The most-traded January iron ore contract on China’s Dalian Commodity Exchange (DCE) ended daytime trade up 1.26% at 806 yuan ($110.90) a metric ton after hitting its highest level since Oct 14 at 810.5 yuan a ton earlier in the session.

The benchmark January iron ore contract on the Singapore Exchange added 0.1% at $104.5 a ton, as of 0719 GMT. China’s factory activity expanded at the fastest pace in five months in November as new orders, including those from abroad, led to a solid rise in production, a private-sector survey showed, echoing an official survey on Saturday. But demand for the key steelmaking ingredient showed signs of softening as colder weather disrupted construction activities in northern China, limiting upside room, said analysts.

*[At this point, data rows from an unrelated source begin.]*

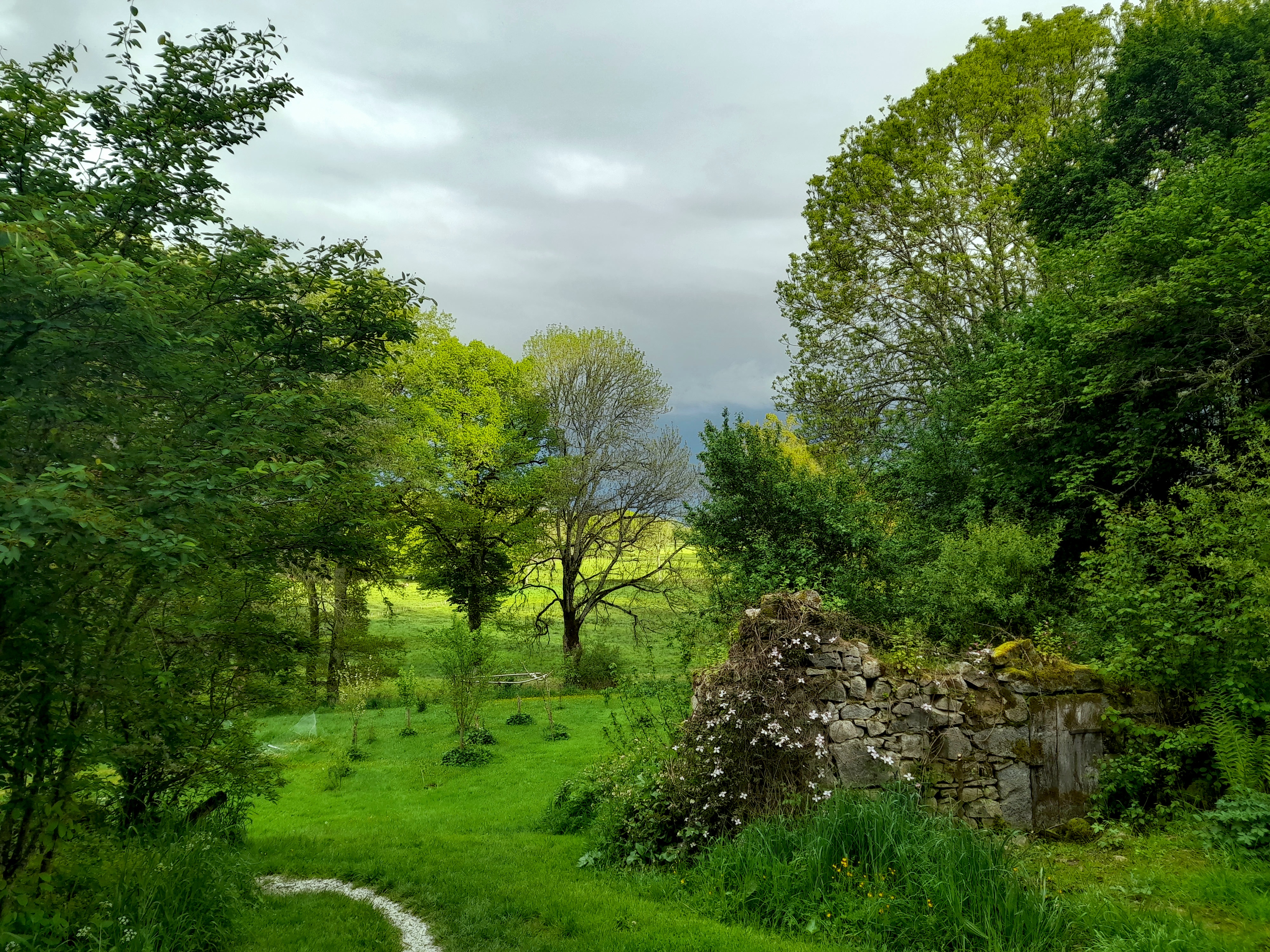 Ja, veel mooie luchten de laatste weken, het combineert mooi met het enorme, bijna lichtgevende groen. Daar valt ook weleens wat uit, uit die luchten. Regen, veel regen, heel veel en vaak regen. Vandaar dat het zo mooi groen is!
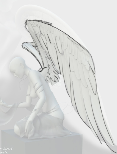 Tiene muy buena pinta, tanto el modelo como las alas. Sin embargo, yo también giraría un poco la cámara para que se viera más de frente, más que nada porque así se ocultaria un poco la unión entre las alas y la espalda, que salen tipo cuerno y tal vez sea poco creíble (digo creíble por decir algo, nunca he visto un Ángel). Además, las alas se verían más grandes también.
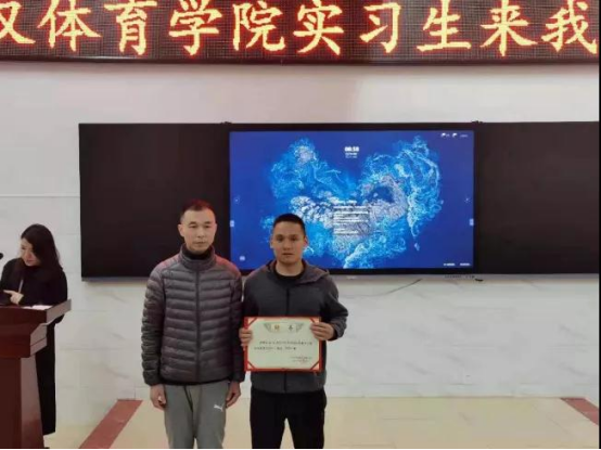 会上,由武汉体育学院实习指导教师沈磊向湖南怀化师大附中体育部组长颁发聘书。随后,体育部组长谢松老师对实习生提出了几项具体要求,并根据专项分配实习指导教师,要求实习开始的第一周实习生们首先了解学校的教育教学概况,熟悉学校环境,在此期间需要跟随实习指导教师听课5-10节,认真做好听课笔记,在指导教师的指导下学习备课、写教案。

The average daily hot metal output among steelmakers surveyed slid for a second consecutive week by 0.8% from the week before to 2.34 million tons in the week, as of Nov. 29, data from consultancy Mysteel showed.

“Hot metal output is likely to eye further decline in December, but daily output will likely hover above 2.3 million tons,” analysts at Maike Futures said. The hot metal output is typically used to gauge iron ore demand.

Some steelmakers have completed procuring seaborne cargoes to meet production needs after the week-long Chinese New Year Holiday break, said a steelmaker and a trader, requesting anonymity as they are not authorised to speak to the media. But stockpiling of portside cargoes have not started yet, they added.

Other steelmaking ingredients on the DCE lost ground, with coking coal and coke losing 1.2% and 0.61%, respectively. Most steel benchmarks on the Shanghai Futures Exchange firmed. Rebar gained 0.18%, hot-rolled coil advanced 0.8%, wire rod rose 0.97%, while stainless steel eased 0.77%.